(Excerpts from a dataset)
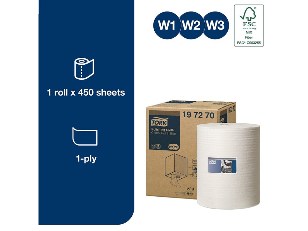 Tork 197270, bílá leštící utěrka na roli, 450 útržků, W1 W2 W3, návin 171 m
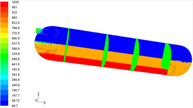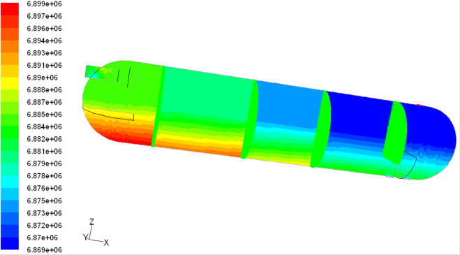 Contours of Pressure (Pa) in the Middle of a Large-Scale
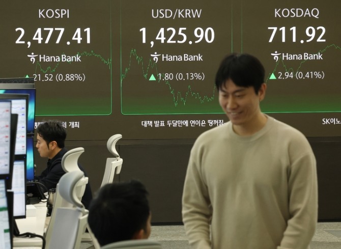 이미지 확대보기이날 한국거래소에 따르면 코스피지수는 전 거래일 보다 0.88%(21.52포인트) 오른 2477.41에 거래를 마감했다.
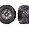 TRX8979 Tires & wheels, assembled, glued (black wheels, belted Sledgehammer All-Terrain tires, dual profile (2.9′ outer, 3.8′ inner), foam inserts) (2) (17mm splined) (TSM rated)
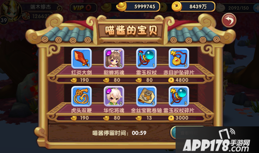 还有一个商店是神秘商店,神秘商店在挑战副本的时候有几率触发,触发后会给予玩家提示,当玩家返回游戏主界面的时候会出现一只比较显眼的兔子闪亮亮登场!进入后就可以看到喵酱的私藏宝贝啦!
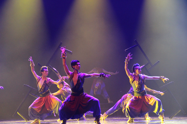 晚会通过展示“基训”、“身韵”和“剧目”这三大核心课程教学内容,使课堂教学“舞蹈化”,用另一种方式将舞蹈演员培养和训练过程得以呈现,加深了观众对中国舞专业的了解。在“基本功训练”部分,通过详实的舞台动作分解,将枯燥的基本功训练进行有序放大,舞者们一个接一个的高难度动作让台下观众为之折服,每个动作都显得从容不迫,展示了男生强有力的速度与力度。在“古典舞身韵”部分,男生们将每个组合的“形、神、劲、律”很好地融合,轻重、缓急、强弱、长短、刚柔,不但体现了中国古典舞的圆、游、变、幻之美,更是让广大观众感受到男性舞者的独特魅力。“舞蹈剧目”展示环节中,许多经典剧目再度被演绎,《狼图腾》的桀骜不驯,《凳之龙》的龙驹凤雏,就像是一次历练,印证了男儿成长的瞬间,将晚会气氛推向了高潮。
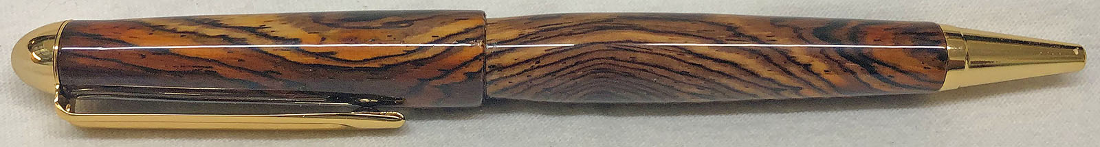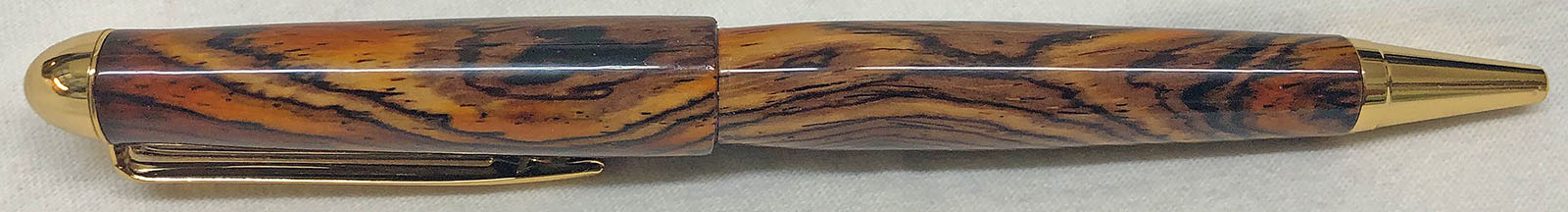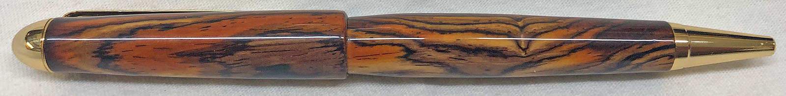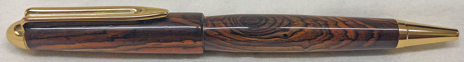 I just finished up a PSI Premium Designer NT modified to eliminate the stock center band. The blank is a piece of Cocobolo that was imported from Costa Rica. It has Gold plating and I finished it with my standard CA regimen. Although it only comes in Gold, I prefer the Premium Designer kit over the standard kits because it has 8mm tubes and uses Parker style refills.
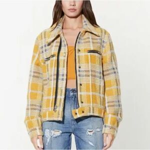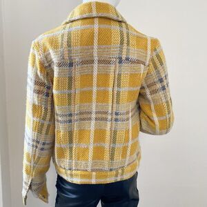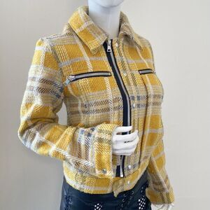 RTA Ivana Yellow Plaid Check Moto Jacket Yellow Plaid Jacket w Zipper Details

_Work item_
Reproduce all of the entries exactly as they appear, though any picture they include must be omitted.

_Result_
 Tork 197270, bílá leštící utěrka na roli, 450 útržků, W1 W2 W3, návin 171 m
 Contours of Pressure (Pa) in the Middle of a Large-Scale
 이미지 확대보기이날 한국거래소에 따르면 코스피지수는 전 거래일 보다 0.88%(21.52포인트) 오른 2477.41에 거래를 마감했다.
 TRX8979 Tires & wheels, assembled, glued (black wheels, belted Sledgehammer All-Terrain tires, dual profile (2.9′ outer, 3.8′ inner), foam inserts) (2) (17mm splined) (TSM rated)
 还有一个商店是神秘商店,神秘商店在挑战副本的时候有几率触发,触发后会给予玩家提示,当玩家返回游戏主界面的时候会出现一只比较显眼的兔子闪亮亮登场!进入后就可以看到喵酱的私藏宝贝啦!
 晚会通过展示“基训”、“身韵”和“剧目”这三大核心课程教学内容,使课堂教学“舞蹈化”,用另一种方式将舞蹈演员培养和训练过程得以呈现,加深了观众对中国舞专业的了解。在“基本功训练”部分,通过详实的舞台动作分解,将枯燥的基本功训练进行有序放大,舞者们一个接一个的高难度动作让台下观众为之折服,每个动作都显得从容不迫,展示了男生强有力的速度与力度。在“古典舞身韵”部分,男生们将每个组合的“形、神、劲、律”很好地融合,轻重、缓急、强弱、长短、刚柔,不但体现了中国古典舞的圆、游、变、幻之美,更是让广大观众感受到男性舞者的独特魅力。“舞蹈剧目”展示环节中,许多经典剧目再度被演绎,《狼图腾》的桀骜不驯,《凳之龙》的龙驹凤雏,就像是一次历练,印证了男儿成长的瞬间,将晚会气氛推向了高潮。
 I just finished up a PSI Premium Designer NT modified to eliminate the stock center band. The blank is a piece of Cocobolo that was imported from Costa Rica. It has Gold plating and I finished it with my standard CA regimen. Although it only comes in Gold, I prefer the Premium Designer kit over the standard kits because it has 8mm tubes and uses Parker style refills.
 RTA Ivana Yellow Plaid Check Moto Jacket Yellow Plaid Jacket w Zipper Details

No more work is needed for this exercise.